Beginning at the line that contains "Chuột không dây", reproduce the entries below exactly, ending with the line that contains "Pantalon slim, taille". Omit each picture.

□ □ □

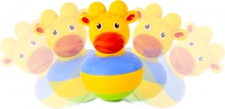 Dank des abgerundeten Sockels richtet sich das Spielzeug immer wieder auf, was das Kind zu wiederholtem Erkunden motiviert und sowohl die Feinmotorik als auch die Hand–Auge-Koordination trainiert. Die Farben können von der Abbildung abweichen.
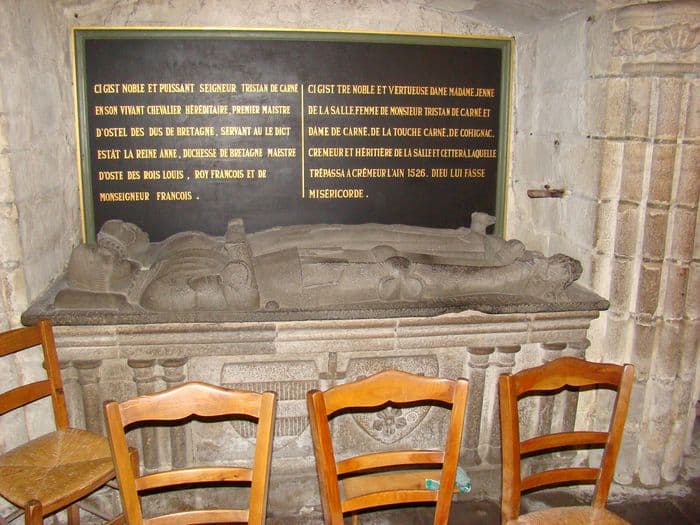 A effigies en relief et à inscription de Tristan de Carné, maître d'hôtel des ducs de Bretagne et de Jeanne de La Salles sa femme morte en 1526.
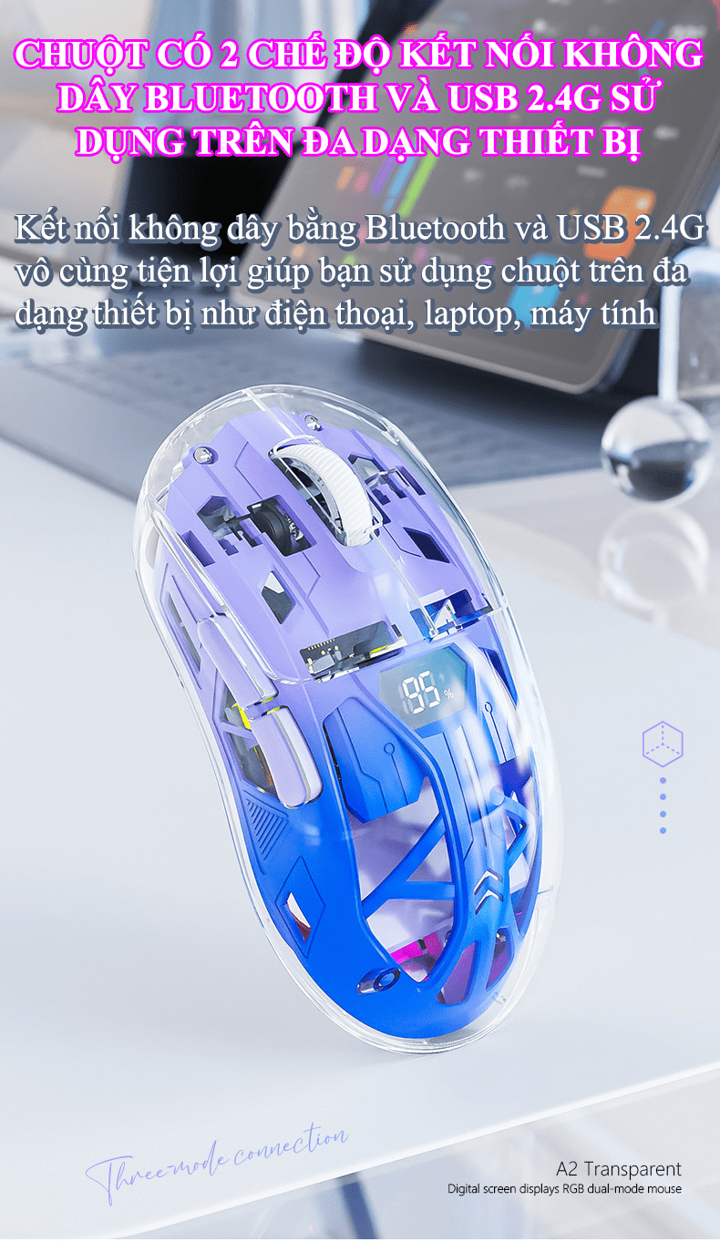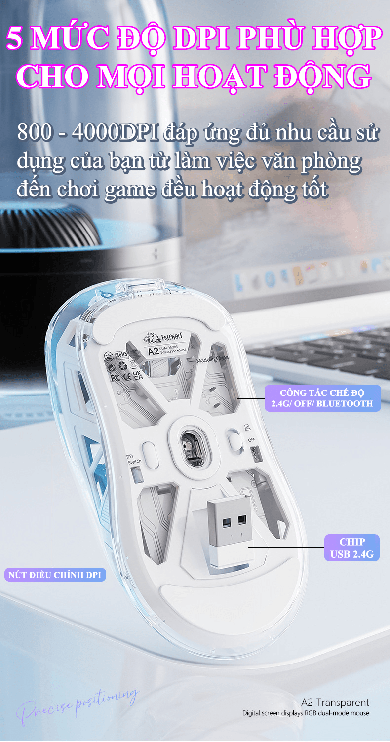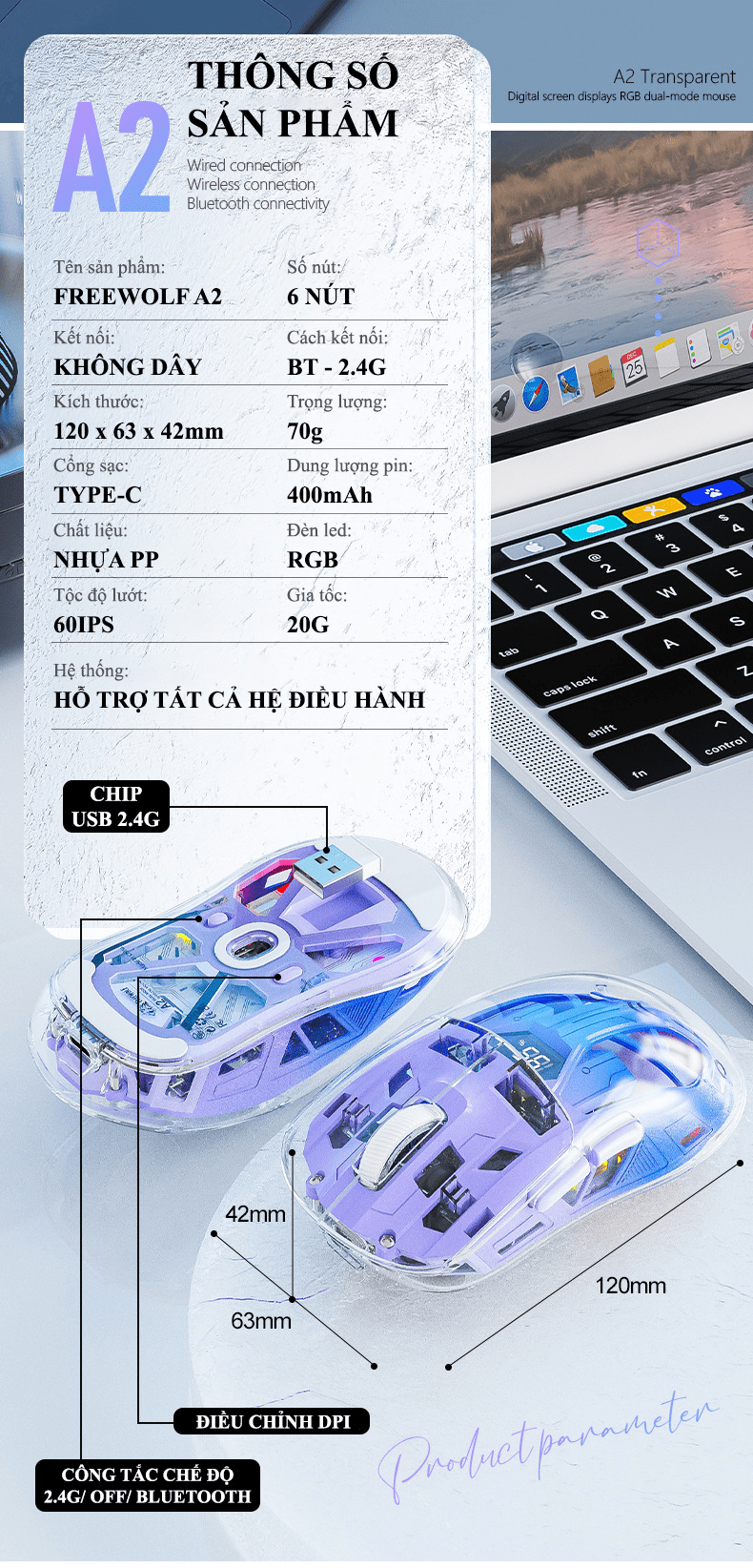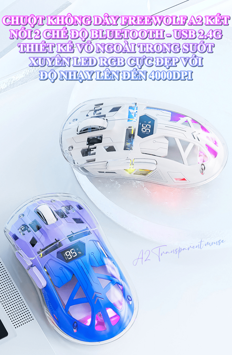 Chuột không dây trong suốt FREEWOLF A2 kết nối 2 chế độ BLUETOOTH và USB 2.4G có đèn led RGB cực đẹp
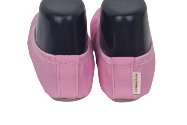Baletki ekoskóra rożowe gumka na krzyż podeszwa syntetyczna
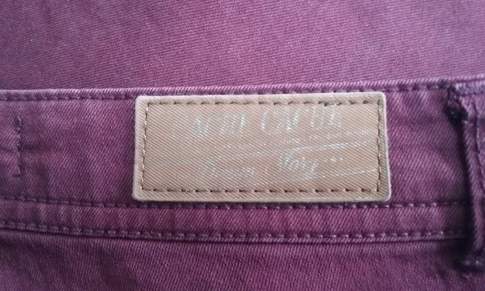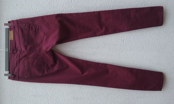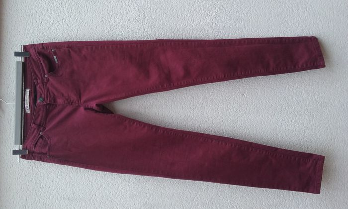 Pantalon slim, taille 36 mais peut également convenir à un 38, 66% coton-31% polyester-3% élasthanne, coloris bordeaux.
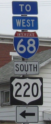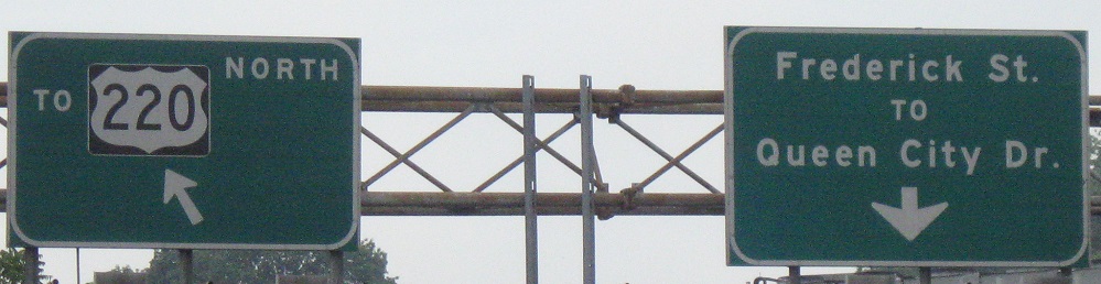 Questionably old, but it's rare to see a BGS in the middle of a small city, particularly in a place where there are no highways and little traffic. This is on Frederick St. NB, and the way to US 220 is via the old highway - at low speed, through a miles-long residential area on a long, steady upgrade. So maybe the best way to US 220 NB is to bear left (railroad overpass) but then make the next right and cut over to I-68.

□ □ □

| TASK OUTPUT |
 Chuột không dây trong suốt FREEWOLF A2 kết nối 2 chế độ BLUETOOTH và USB 2.4G có đèn led RGB cực đẹp
Baletki ekoskóra rożowe gumka na krzyż podeszwa syntetyczna
 Pantalon slim, taille 36 mais peut également convenir à un 38, 66% coton-31% polyester-3% élasthanne, coloris bordeaux.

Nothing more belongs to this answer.